El secreto de las lágrimas de los oprimidos: ¿Por qué son arrebatadas del mundo las almas puras?

Clase n.º 202 | Lunes, Parashat Ki Tetzé, 4 de Elul 5759 - Consuelo de dolientes en Bnei Brak
Un artículo profundo y consolador basado en los secretos del sagrado Zóhar, que explica el significado de la partida de niños y jóvenes puros que no probaron el sabor del pecado. A través de la comprensión del poder de las lágrimas de los padres y el estudio de la Torá de las almas en la 'Metivtá Ilaá' (Yeshivá Celestial), se revela cómo estas almas endulzan los juicios más severos sobre el pueblo de Israel.
El Rey Salomón dice en el libro de Eclesiastés: "Y he aquí las lágrimas de los oprimidos, y no tienen quien los consuele".
Sobre el fallecimiento de un niño puro e inocente que nos es arrebatado en la flor de la vida, realmente no hay ningún consuelo natural. ¿Cómo se puede consolar por una flor así que fue arrancada? ¿Quién puede consolar por el fallecimiento de un joven, un bebé cuya leche materna aún no se ha borrado de su boca? Sobre una pérdida así, dice el Rey Salomón: "no tienen quien los consuele".
El sagrado Zóhar hace una pregunta penetrante: Ciertamente hay en el mundo personas que han pecado, pero aquí se trata de bebés santos y puros. E incluso si dijéramos que existe el pecado de los padres, el niño puro e inocente se presenta en el Cielo y pregunta: "Amo del Universo, yo fui un niño puro, ni siquiera en un cabello pequé jamás. ¿Por qué deuda estoy sufriendo? ¿Acaso debo pagar las deudas de mis padres?".
Por lo tanto, todas esas almas puras son llamadas "oprimidos", porque tienen un reclamo justo. Ningún pecado en el mundo puede justificar los sufrimientos de la muerte de un niño que nunca pecó. Sobre un fallecimiento así no hay ninguna explicación natural o racional.

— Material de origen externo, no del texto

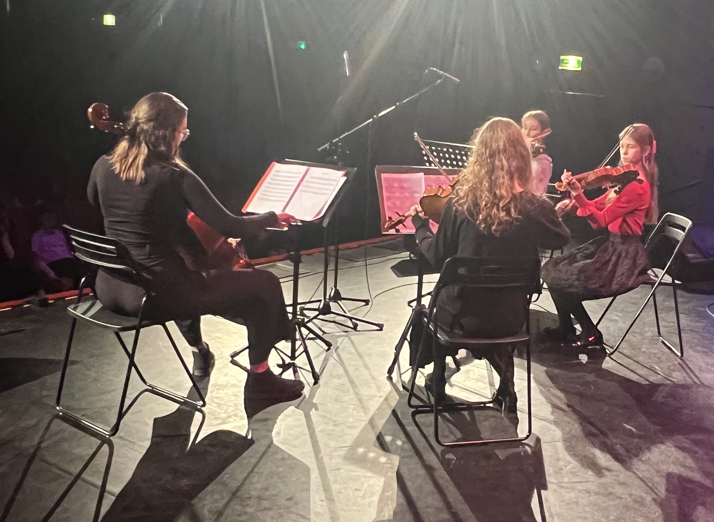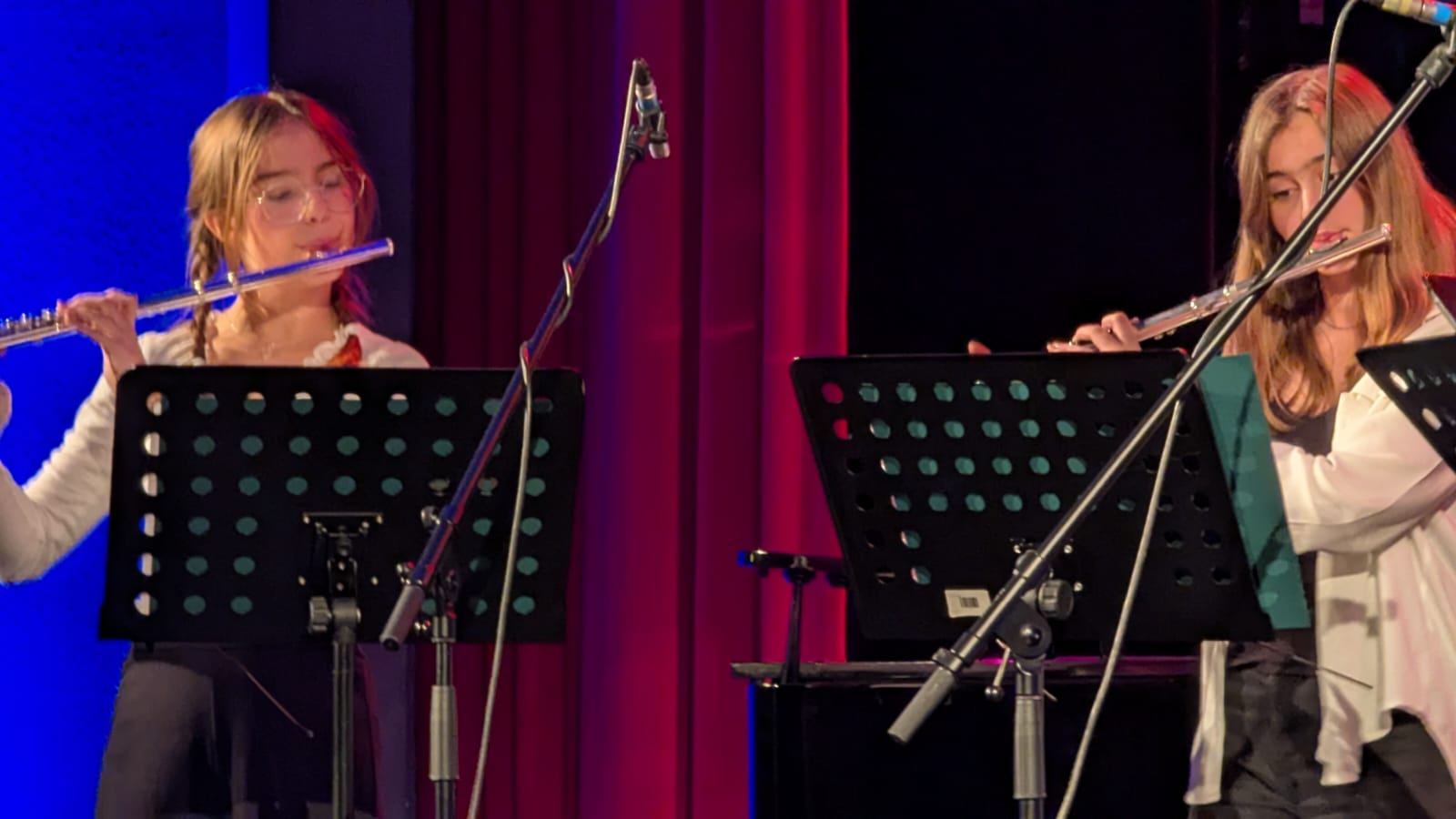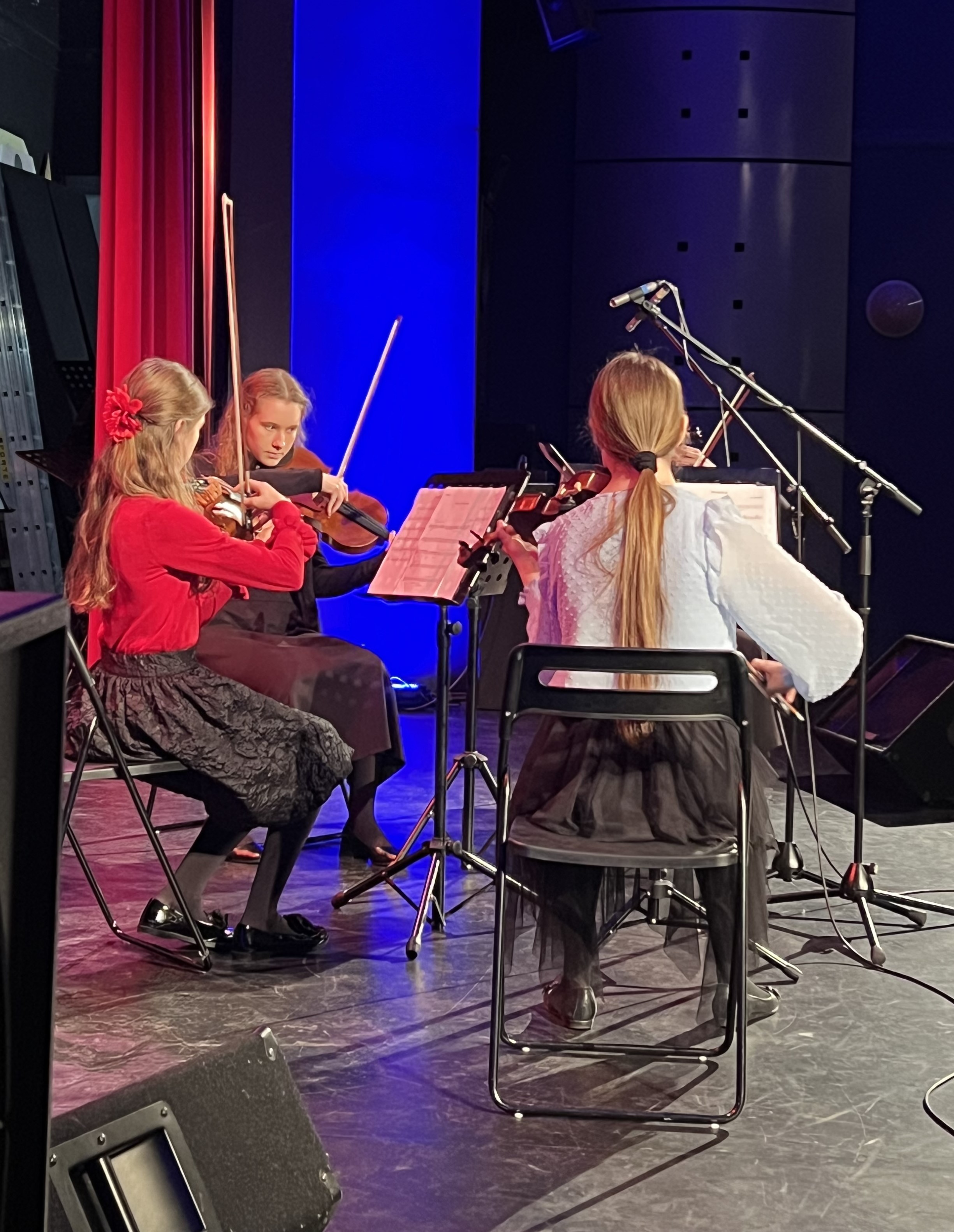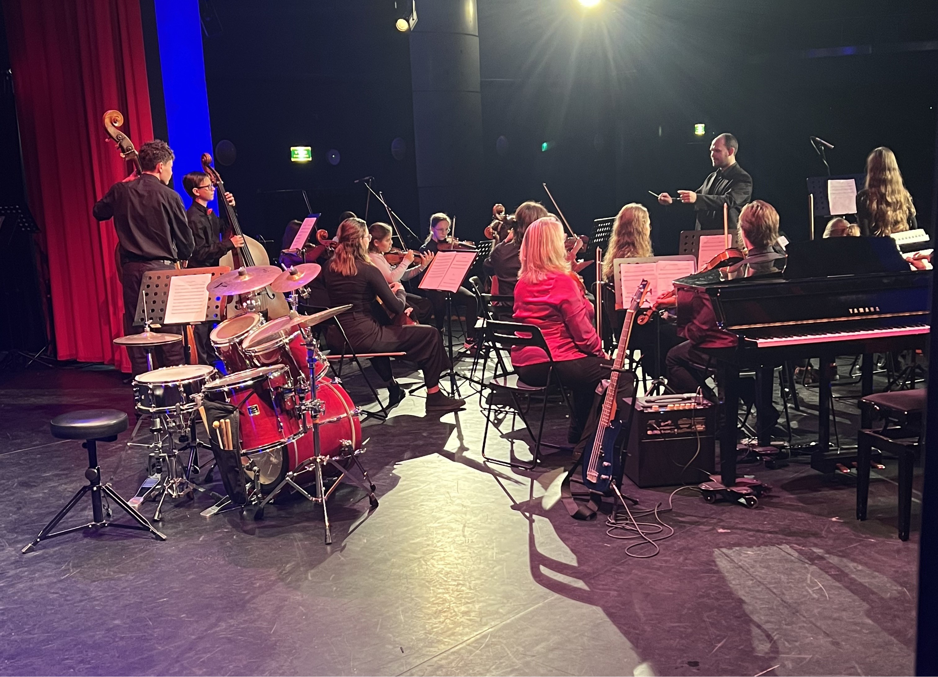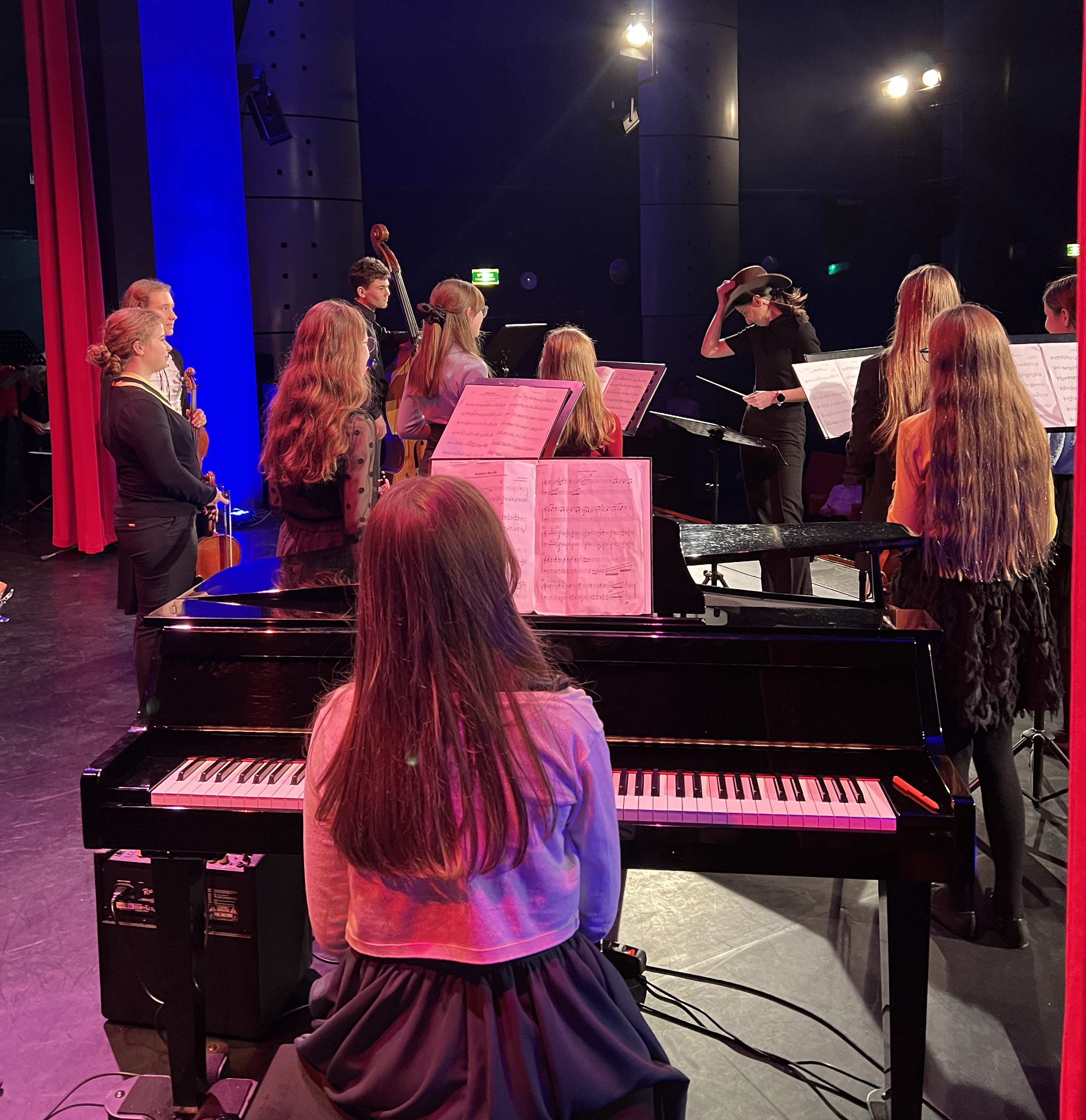 Na tle nieba z zorzą polarną i zaśnieżonym lasem, elementy karnawałowe (balony, serpentyny, maska karnawałowa) i akcenty świąteczne (choinka, renifery). Kolorowy tekst informujący o ogólnoszkolnym koncercie kolędowo-karnawałowym, zaplanowanym na 25 stycznia 2025 w Centrum Kultury Pafawag przy ul. Chociebuskiej.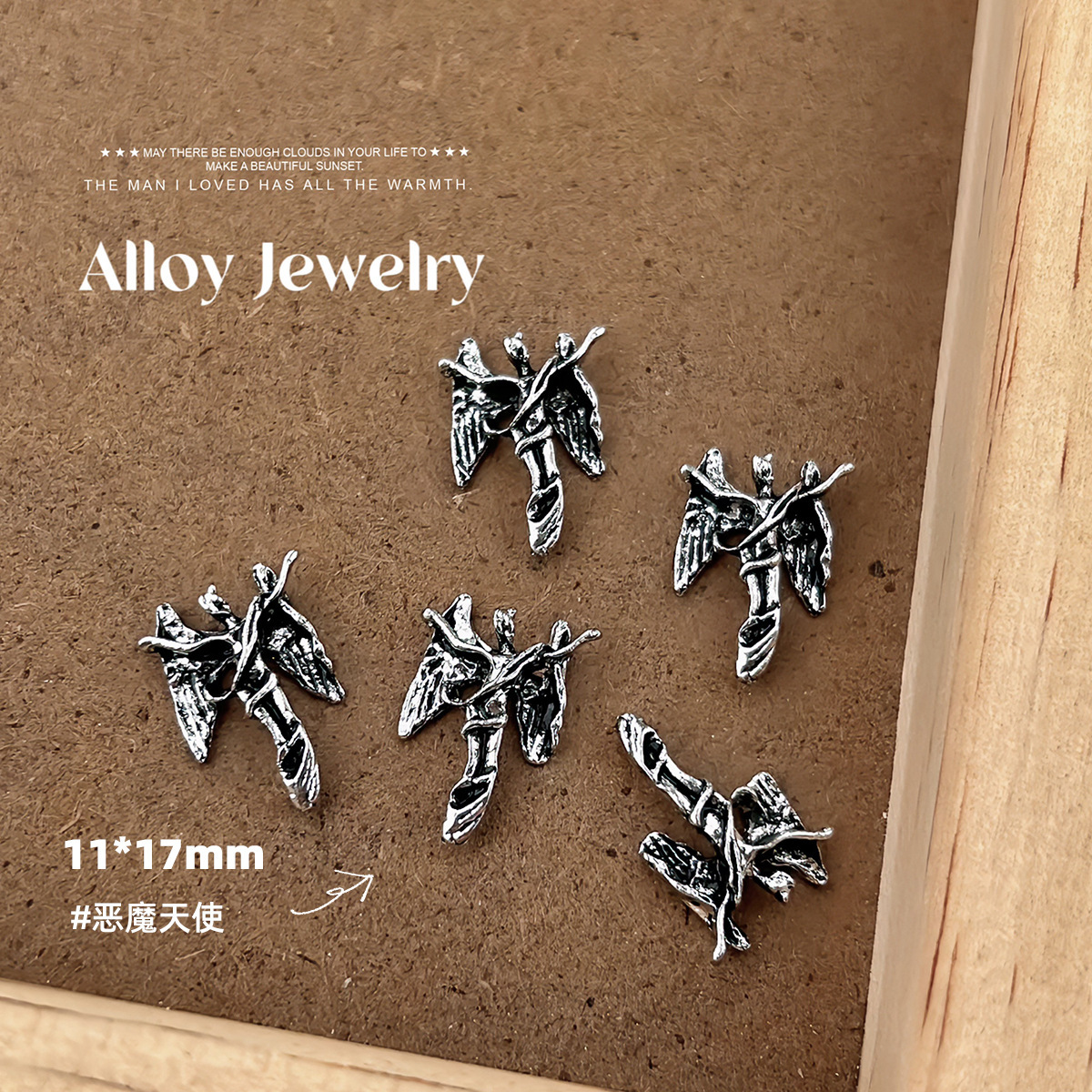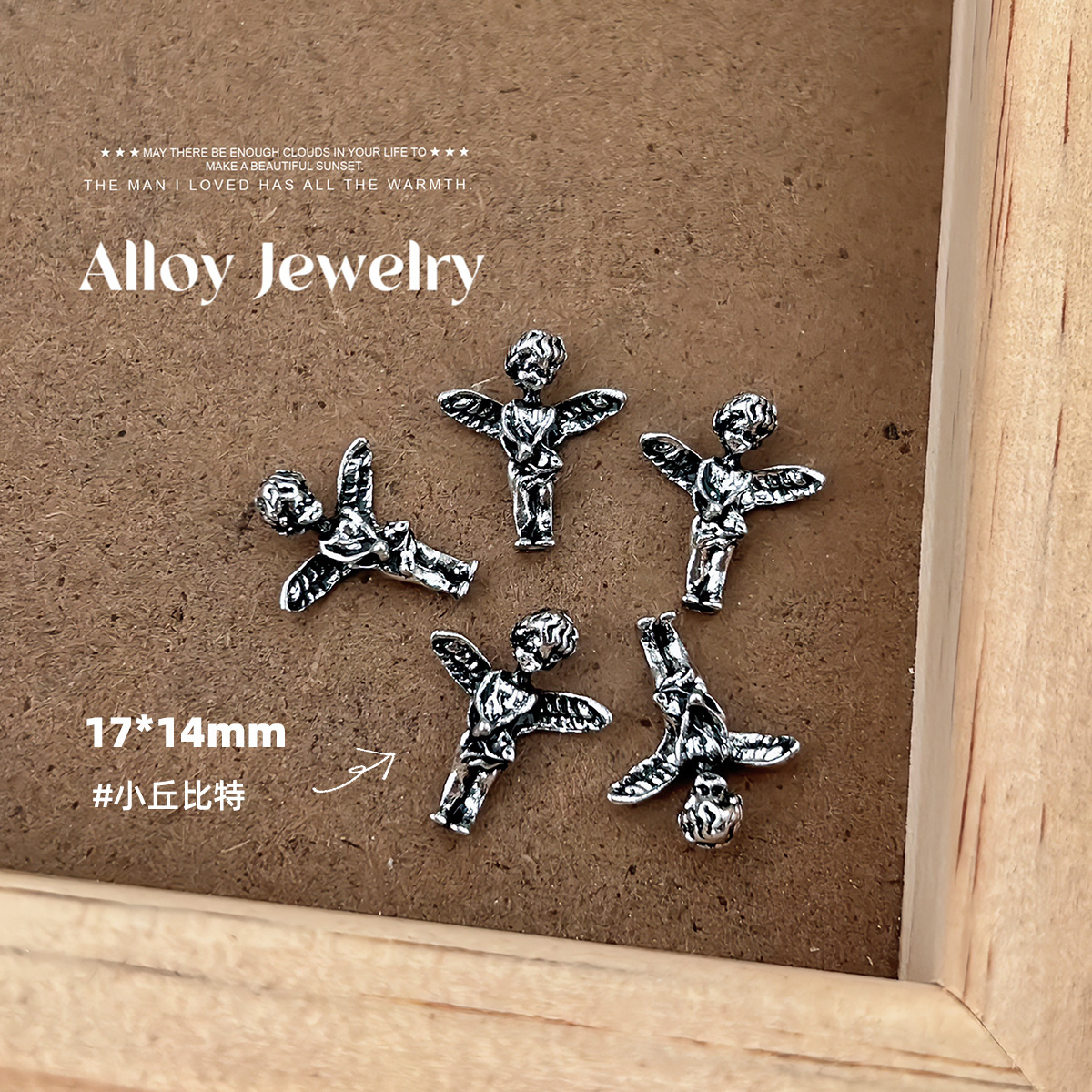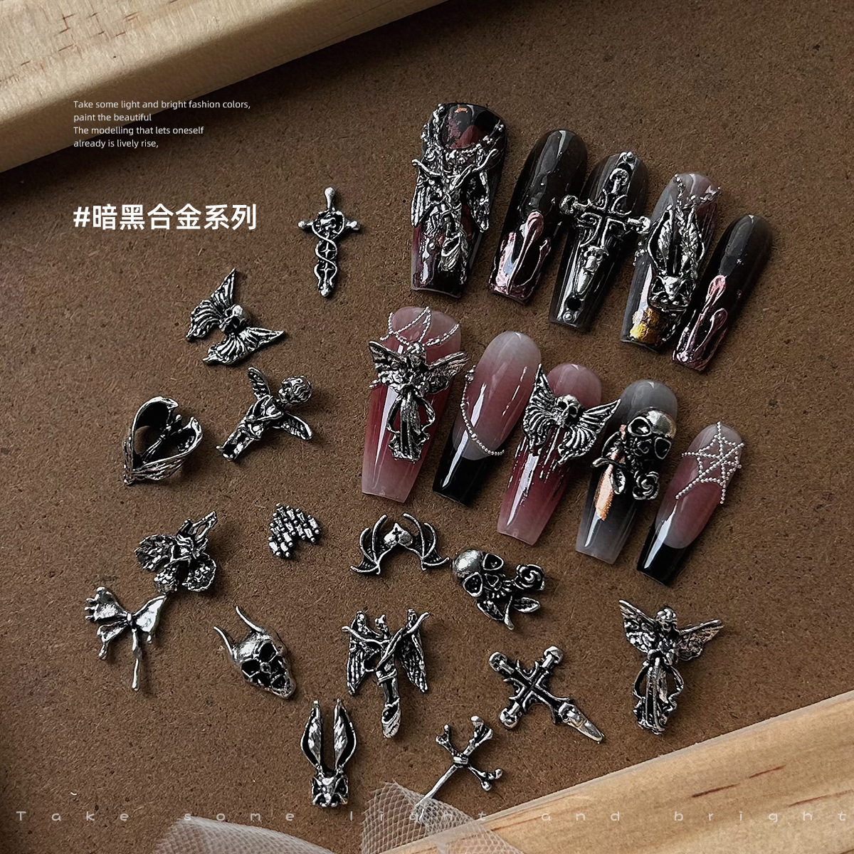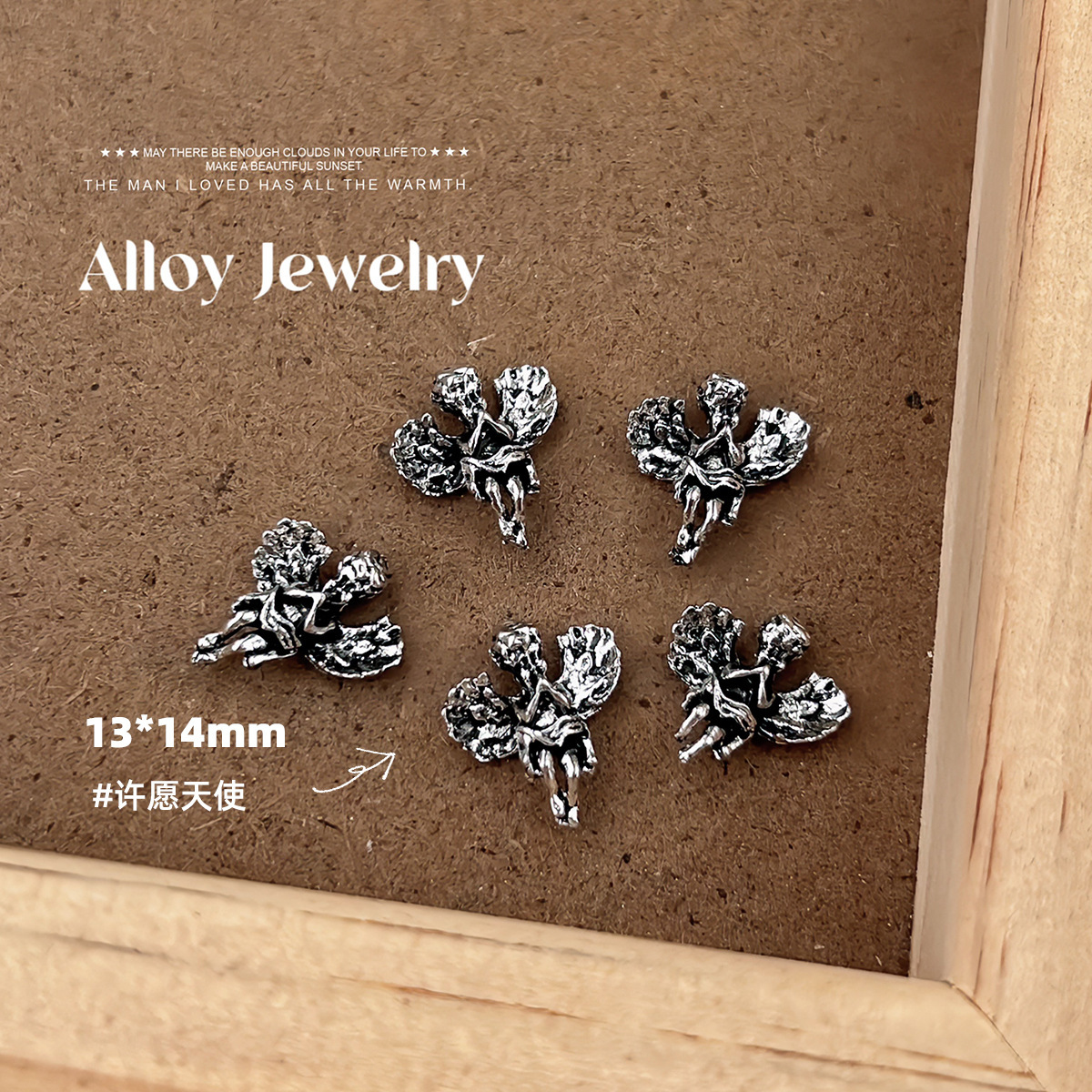 复古银色暗黑风美甲克罗星十字架骷髅许愿天使小丘比特蝴蝶饰品

Podríamos vivir mil millones de años y no podríamos explicar qué sucedió aquí; solo los tzadikim que comprenden el secreto de las almas en su raíz pueden alcanzar a entenderlo.
Un océano hirviente de lágrimas
Dice el sagrado Zóhar que ninguna lágrima en el mundo se compara con las lágrimas que salen de lo profundo del corazón de un padre y una madre a quienes les han arrebatado a su hijo. Son lágrimas irremplazables, lágrimas de un dolor profundo sin igual, cuando los padres lloran en secreto por las noches y no pueden calmarse.
Sin embargo, aquí el sagrado Zóhar nos revela un secreto temible. Cuando hay decretos severos sobre el pueblo de Israel, decretos de aniquilación, Dios no lo permita, en lo material y en lo espiritual, Hashem busca una manera de endulzar los juicios. Él espera un "océano hirviente de lágrimas", lágrimas de fuego que puedan anular los decretos sobre el pueblo de Israel.
Para ello, son elegidas las almas más íntegras, un padre y una madre puros, de quienes Hashem sabe que saldrán lágrimas hirvientes de un corazón puro. Estos niños son los verdaderos emisarios públicos (shlijei tzibur) del pueblo de Israel. Ellos son los que endulzan todos los juicios sobre nosotros y sobre el mundo entero.
La Javrutá (compañero de estudio) del Rey de Reyes
Estas almas puras no entran simplemente al Jardín del Edén; se adhieren a Hashem literalmente y entran directo a la "Metivtá Ilaá", la Yeshivá de Hashem en Su propia gloria y esencia.
A un joven que anhelaba tanto estudiar Guemará, que deseaba la Torá con santidad y pureza, Hashem le dice: "¿Tanto anhelas la Torá? Ven y estudia Conmigo, Yo seré tu Javrutá". Hashem busca almas puras e inocentes, mentes limpias que nunca se han manchado, para estudiar Torá con ellos.
En el mes de Elul, cuando se abren las Yeshivot abajo, también se abren las Yeshivot de Arriba. Hashem abre el tiempo de Elul en la Yeshivá de Arriba y busca "caras nuevas", almas puras que se entusiasmen en Su clase.
A través de su estudio de la Torá Arriba, se cumple el versículo de los Salmos:
"De la boca de los niños y de los lactantes fundaste la fortaleza... para hacer cesar al enemigo y al vengativo".
El aliento de la boca de estos bebés, y las innovaciones (jidushim) que escuchan de la boca de la Guevurá (el Todopoderoso), son los que anulan todos los decretos sobre el pueblo de Israel. Gracias a ellos el pueblo de Israel se mantiene en pie, y gracias a su Torá se endulzan todos los juicios.